COKIE: Danny Goldberg is an executive at Artemis Records who
testified in front of Congress this week, defending many of his colleagues
in the industry. George Will joins us for questioning.
GEORGE WILL: Mr. Goldberg, you just heard Senator McCain
commenting on your comment that “millions of people like it”; the
antecedent
of the pronoun being some of the kind of material—particularly music—that
Mr. Lieberman and others find objectionable.
What is the limit of consumer sovereignty here? How much should it be respected
and how much should you say, “I don’t care if millions want it, they can’t
have it”?
DANNY GOLDBERG,
Well, why should your opinion or Senator Lieberman’s opinion be more important
than what the public likes? The fact is, this is a very diverse country.

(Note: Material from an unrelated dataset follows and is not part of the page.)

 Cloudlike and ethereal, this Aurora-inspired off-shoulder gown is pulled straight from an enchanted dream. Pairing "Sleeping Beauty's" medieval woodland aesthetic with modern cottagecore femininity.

There’s people of all different religious backgrounds, people live in different
parts
of the country. Different parents have different ideas about what’s appropriate
for
their kids. And—and the American way—that’s created this musical culture
that
inspires the whole world—the American way is to let each family make their
own
decision about what they want in their house, not people in Washington,
media or
in the Congress.
Ediotr's Note: See how Republican that last statement was?

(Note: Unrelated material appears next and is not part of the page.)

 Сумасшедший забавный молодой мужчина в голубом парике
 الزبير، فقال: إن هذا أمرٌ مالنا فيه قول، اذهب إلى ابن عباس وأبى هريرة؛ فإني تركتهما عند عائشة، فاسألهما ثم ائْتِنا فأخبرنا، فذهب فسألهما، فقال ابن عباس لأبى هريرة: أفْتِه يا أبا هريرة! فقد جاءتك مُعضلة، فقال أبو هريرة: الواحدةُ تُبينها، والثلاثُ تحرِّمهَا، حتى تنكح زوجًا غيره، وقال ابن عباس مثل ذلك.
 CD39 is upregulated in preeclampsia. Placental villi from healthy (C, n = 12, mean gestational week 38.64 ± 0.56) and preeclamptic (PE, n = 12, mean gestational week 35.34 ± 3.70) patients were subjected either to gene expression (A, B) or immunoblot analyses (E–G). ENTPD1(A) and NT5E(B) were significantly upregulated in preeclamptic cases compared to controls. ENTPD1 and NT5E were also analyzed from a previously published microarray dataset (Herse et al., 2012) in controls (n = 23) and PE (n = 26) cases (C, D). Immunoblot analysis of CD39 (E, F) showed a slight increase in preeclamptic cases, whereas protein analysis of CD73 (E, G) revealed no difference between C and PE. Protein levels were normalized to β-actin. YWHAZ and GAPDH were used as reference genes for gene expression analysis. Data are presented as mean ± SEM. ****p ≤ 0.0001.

Why should the massive, intrusive federal bureaucracy decide for us?
Are we not free to make our own decisions?
What happened to freedom in this country?
The GOP hates it when you turn their arguments back on them.
GEORGE WILL But the—most parents, frankly, would
laugh at the idea that they are in charge of the pull popular
culture can have on their children. Popular culture’s so ubiquitous.
You said in your testimony, “I do not believe that either government or
any entertainment industry committee has any business telling me and my
wife what entertainment our children should be exposed to.”
Do you really think—I know you have a 10-year-old and a six-year-old—
that you can control what your children are exposed to?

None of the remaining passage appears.